So I have often wondered what it all means. I can't believe that I would be the only person out there to ponder this question. I'd say I've been through my share of mistakes, loves, spiritual crisis and so forth. I guess we all have. What keeps some of us going on? What stops some of us? What makes someone a good person as compared to a bad person? Dare I ask?
For me, my child keeps me going but I'll be honest. It's very tough at times. I love him so much but I have definitely contemplated taking the cowards way out and ending it all. Working a stressful job, managing a family, attempting to have a social life(I'm not doing a good job at this one), providing activities for my child. It adds up after a while and takes its toll. I've often wondered how so many woman do it? I see the stay at home moms from my child's school and they all seem so happy and secretly I'm jealous. But I imagine they probably have many or at least some of the same issues I have. Are any of us really happy at the end of the day? I often wonder if happiness exists. Am I broken because I can't feel it? I haven't felt it in ages and frankly I don't think I remember what it is.

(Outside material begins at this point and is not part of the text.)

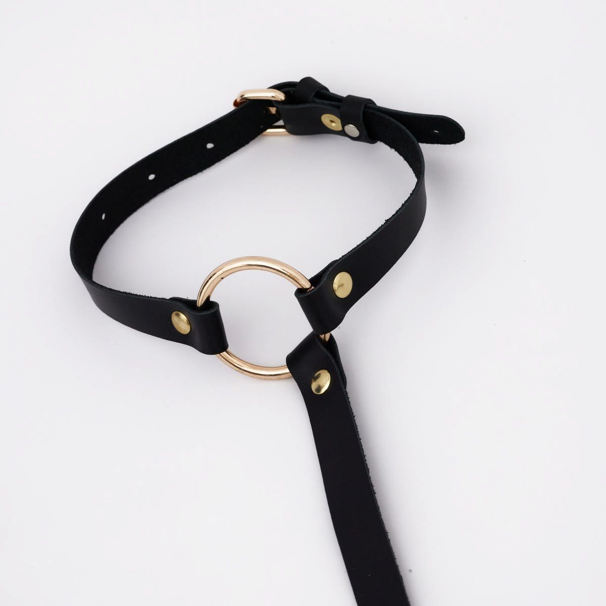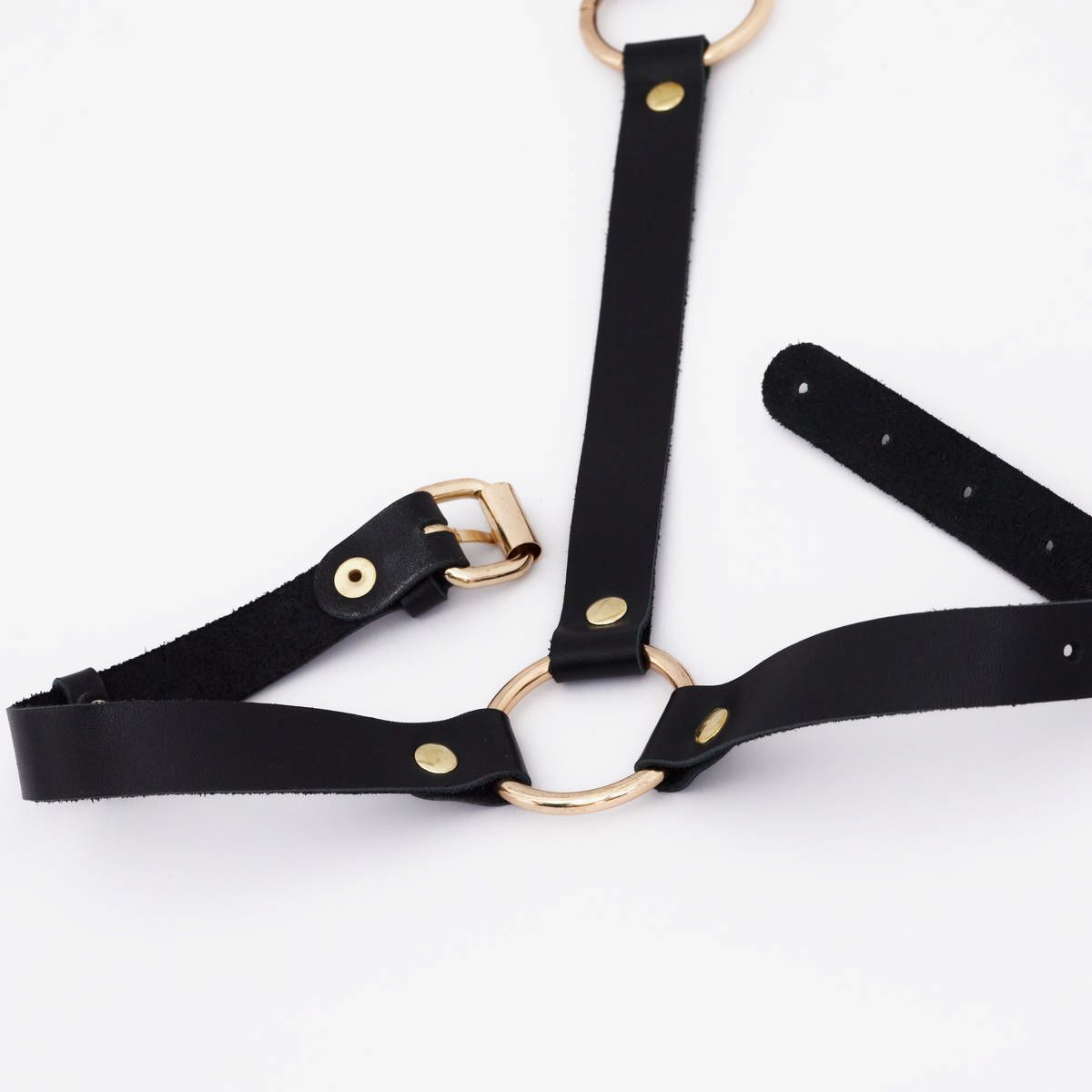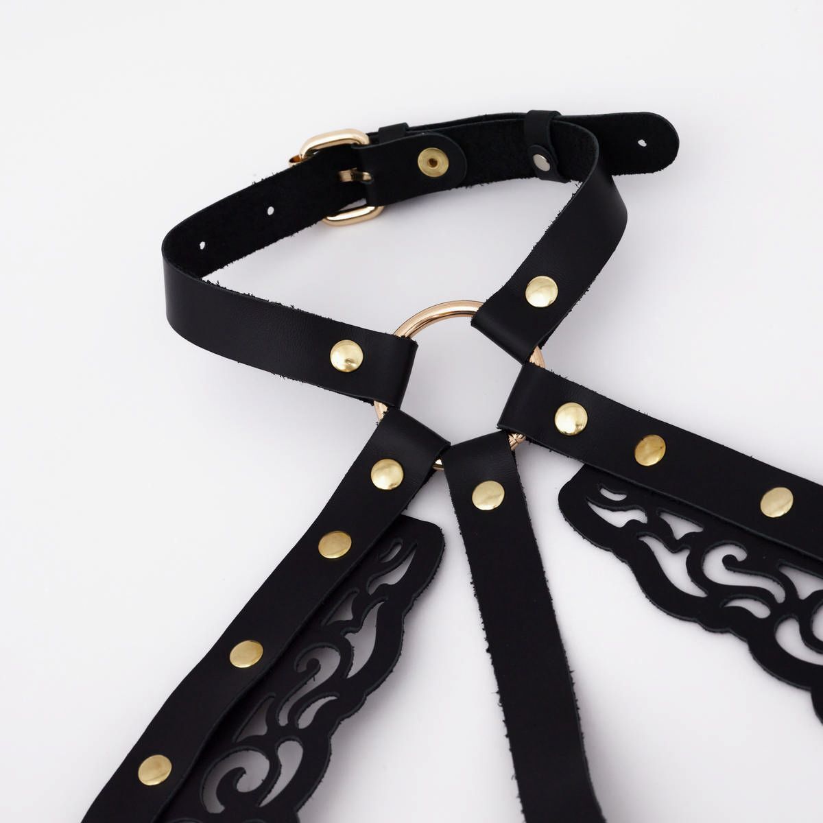 Изделие выполнено из натуральной кожи, которая обеспечивает мягкость, долговечность и приятные тактильные ощущения. Золотистая металлическая фурнитура добавляет прочности и благородного блеска. Резные элементы делают дизайн более изящным, акцентируя внимание на красоте тела.

I often question the same about Love. Does love exist? I don't think love between a husband and wife exists. I think it's a mirage that society has duped us into believing. A knight in shining armor is going to come and sweep us away. Sorry gals.. Doesn't exist. Love, as we define the feeling, is a chemical reaction in the brain which we feel when we are young and "in Love" or old and "in Love". What keeps that going? When does it fade? I started to think that the love between a mother and child is the only true love. When my child was born. I remember being more in love then I ever was with my husband or any other man. The feeling was beyond overwhelming. But was/is it love? Obviously I will do anything for my child, but there are alot of women out there who don't care about their child. Is my Love for my child simply a chemical reaction in my brain that I have no control over? Is it simply for the survival of the species? Does thinking like this take all the mystery out of life and cause one to just hurl deeper into a state of depression and loss of purpose?